Nonprofit Sustainable Competitive Advantage

In both the for profit and nonprofit business environment, the keys to sustainable competitive advantage are a firm’s resources, including assets, organizational core competencies, knowledge, and processes. Professor Michael Porter (Harvard) theorizes that in order for these resources to create a competitive advantage they must have four characteristics:

The resources must be valuable. The value of an organizational resource is the degree to which it contributes to efficiency and effectiveness.

The resources must be rare. If many organizations have the same valuable resources, they can replicate your advantage.

The resources must be imperfectly imitable.  They must be impossible to duplicate. This may be due to sheer difficulty, actual impossibility, or because it would be cost prohibitive.

The resources must be nonsubstitutable.  This means that your resources cannot be replaced, and the use of other resources would not produce the same value.

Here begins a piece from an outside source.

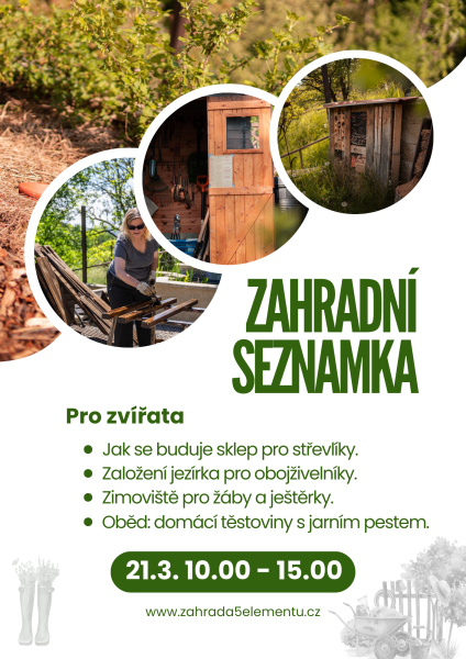 Společně postavíme plot, založíme vyvýšený záhon typu německá kopa či vybudujeme jezírko pro obojživelníky. Kdo chce klidnější práci, může se věnovat semínkovně. Seznámíte se s principy přírodního zahradničení v praxi a ochutnáte lokální jídlo bez chemie.

It isn’t easy for a nonprofit to create a sustainable competitive advantage. Society expects nonprofits to avoid competition of any sort. Our history speaks of collaboration, scarce resources and community, a combination that is the antithesis of competition. However in this economic climate charitable, educational, artistic and other types of not-for-profit organizations are struggling with declining fee and grant revenue, decreasing charitable contributions, increased operational and program costs, and increased struggle for limited new funding. In order to remain viable, nonprofits must compete. But competition doesn’t have to be aggressive, as is sometimes seen in the for profit environment. A nonprofit can compete by demonstrating value to its clients/customers in ways that distinguish it from other, similar organizations.

But if we are all performing meaningful and collaborative service in the spirit of our missions, how does one organization set itself apart from the pack?

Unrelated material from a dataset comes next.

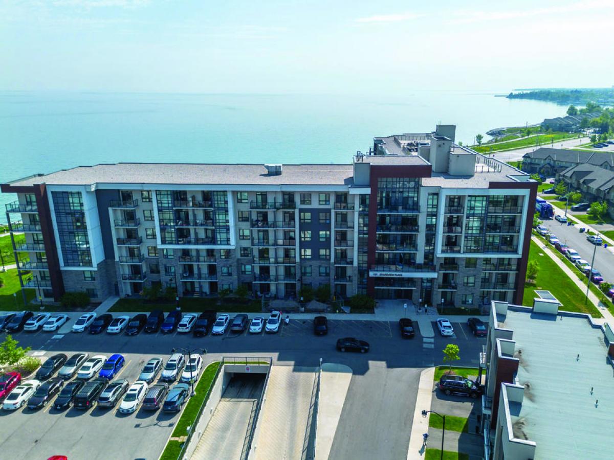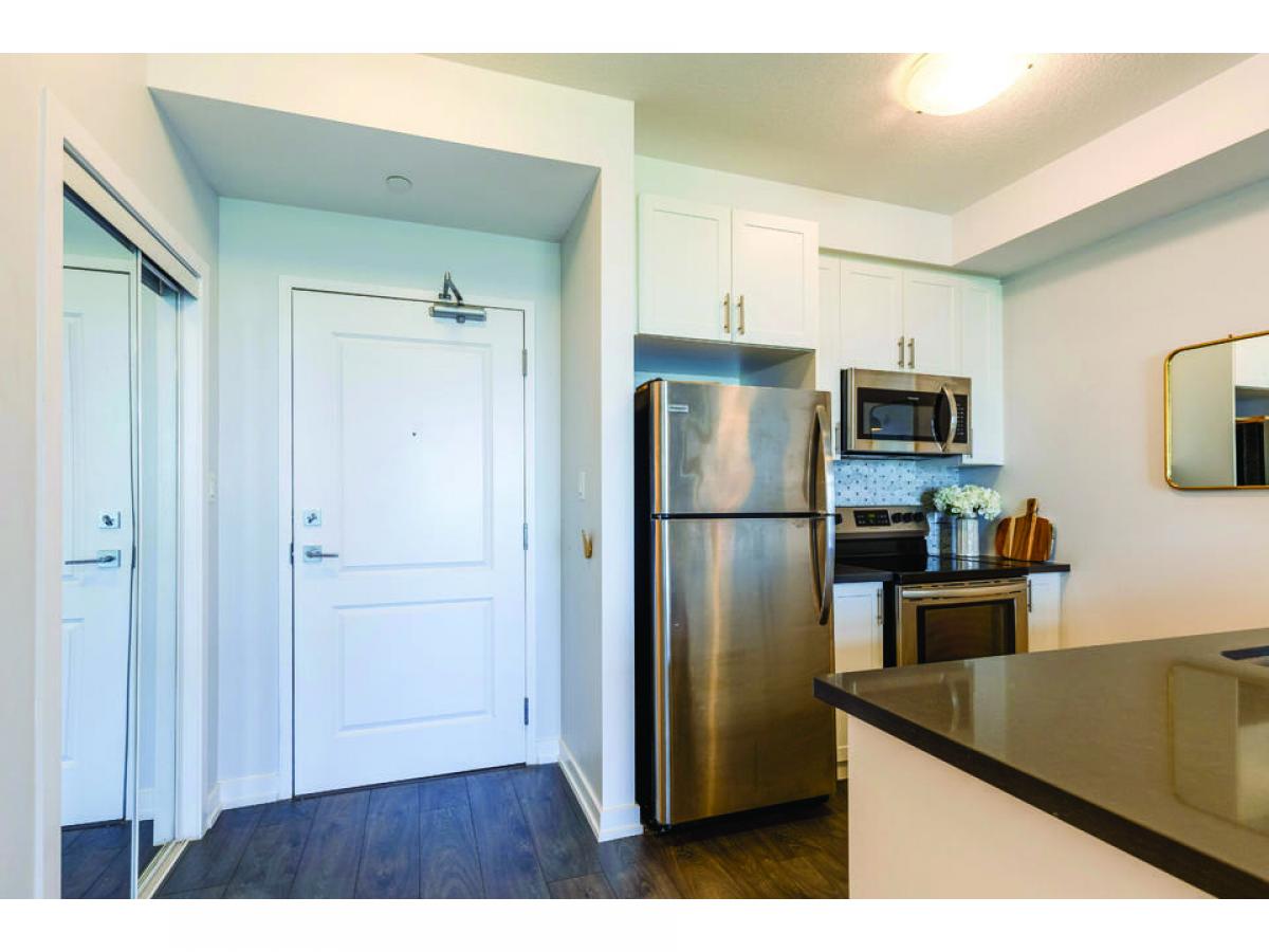 Nestled on a cul-de-sac overlooking Lake Ontario, this boutique low-rise condo offers the ultimate lakefront lifestyle with easy access to the waterfront, trails, and parks. The sun-drenched unit boasts 9-foot ceilings and an open-concept layout with 1 bedroom and 1 bathroom, and features wide plank flooring throughout. The spacious bedroom includes an oversized window with lake views and a generous walk-in closet. The kitchen is equipped with upgraded white cabinetry, quartz countertops, stainless steel appliances, a tiled backsplash, and modern lighting. Perfect for everyday living or entertaining, the open layout provides seamless flow. Enjoy unobstructed water views from your private balcony, in-suite laundry, and a geothermal heating and cooling system. Condo amenities include a gym, party room, and a rooftop terrace with panoramic views of Lake Ontario and the Toronto skyline. $$$ spent upgrades throughout the unit. 1 parking & 1 locker included. Bike storage and visitor parking available. Experience the best of waterfront living while enjoying the convenience of nearby amenities & easy hwy access! Perfect for young professionals, retirees, commuters

No matter what your mission is or the types of programming you offer, I suggest there are five steps that can help a nonprofit gain a sustainable competitive advantage: 1. Hire competent employees and developing them into superstars. 2. Use organizational knowledge and skilled analysis to accurately determine what stakeholders want or need. 3. Meet emerging needs by creating innovative systems and programs. 4. Develop organizational competencies in areas that increase efficiencies. 5. Identify target outcomes and meet them to prove you are effective.

Nonprofits must compete to remain viable. It does not diminish our mission to create rare, imperfectly imitable, nonsubstitutable and valuable resources.  In fact it creates value by demonstrating our worth to the community. This form of competition is not a necessary evil; it is simply necessary.